+279 Let equation \(x^2+ax+b=0\) and \(x^2+cx+d=0 \) (a≠c) have the same root \(x\). Please determine this root value using a, b, c, d to represent it.
+6251 we can add the two equations to obtain
\(2x^2 +(a+c)x+(b+d)=0\\ x^2 + \dfrac{a+c}{2}x+\dfrac{b+d}{2}=0\)
\(\text{Now just apply the quadratic formula}\\ r_{1,2} = \dfrac{-\frac{a+c}{2}\pm \sqrt{\left(\frac{a+c}{2}\right)^2 - 2(b+d)}}{2}\)
\(\text{we can clean this up a bit}\\ r_{1,2} = \frac{1}{4} \left(\pm\sqrt{(a+c)^2-8 (b+d)}-a-c\right)\)
\(\text{If there is only a single shared root }r_1 = r_2\\ \text{if there are no shared roots}\\ (a+c)^2 - 8(b+d)<0\)
Why add the two equations ?
Why not simply subtract one from the other ?

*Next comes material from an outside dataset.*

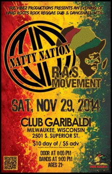 Natty Nation & RAS Movement Club Garibaldi 2501 S Superior St, Milwaukee, WI (414) 483-6335 http://clubgaribaldi.com Tickets $5 adv / $10 dos Ages 21+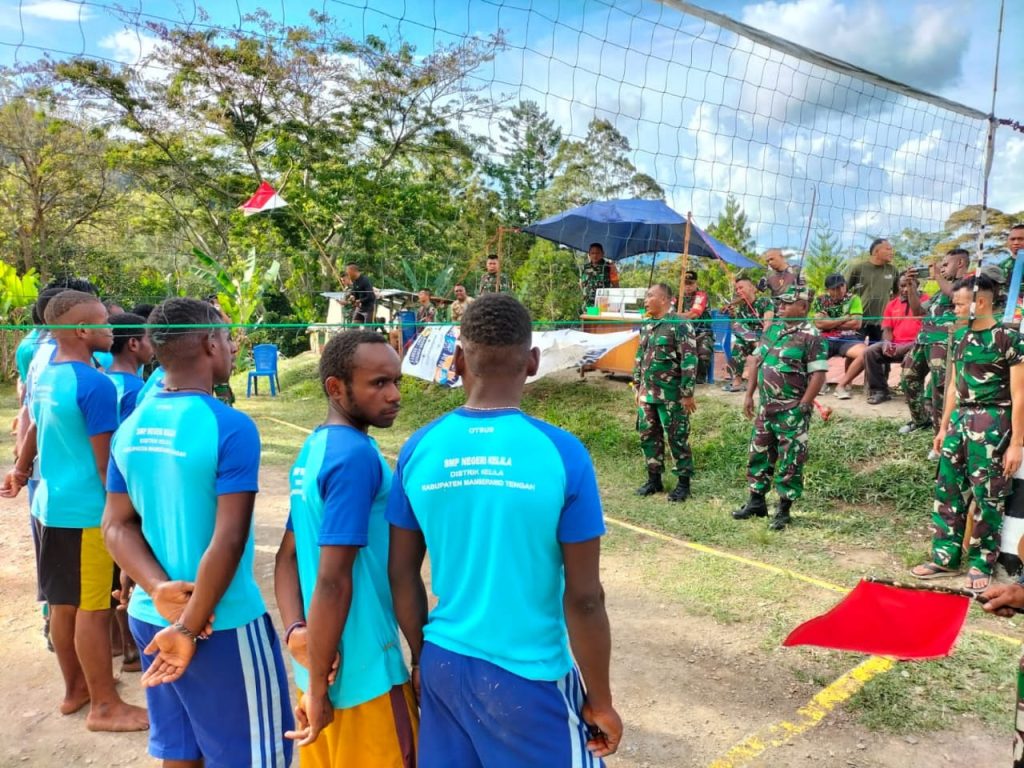 Membaramo Tengah ~ Satgas Pamtas Yonif Raider 142/KJ bersinergi bersama Koramil Kelila dan Polsek kelila menggelar perlombaan Turnamen Bola Voli untuk masyarakat Kelila, Distrik Kelila, Kabupaten Mamberamo Tengah, Papua Pegunungan Tengah, Jumat (23/09/22)

Suppose that the first equation has roots p and q and that the second equation has roots p and s,
so that the common root is p.
Then we have
\(\displaystyle (x-p)(x-q)=0 \text{ and }(x-p)(x-s)=0\; .\)
Subtracting the second equation from the first,
\(\displaystyle (x-p)\{(x-q)-(x-s)\}=0\; ,\)
so
\(\displaystyle (x-p)(s-q)=0\; ,\)
showing that x = p is the root of the resulting equation, \(\displaystyle (\;s \neq q\;)\;.\)
So, going back to the original equations and subtracting one from the other,
\(\displaystyle x(a-c)+(b-d)=0\;,\)
\(\displaystyle x=\frac{d-b}{a-c}\; .\)
Tiggsy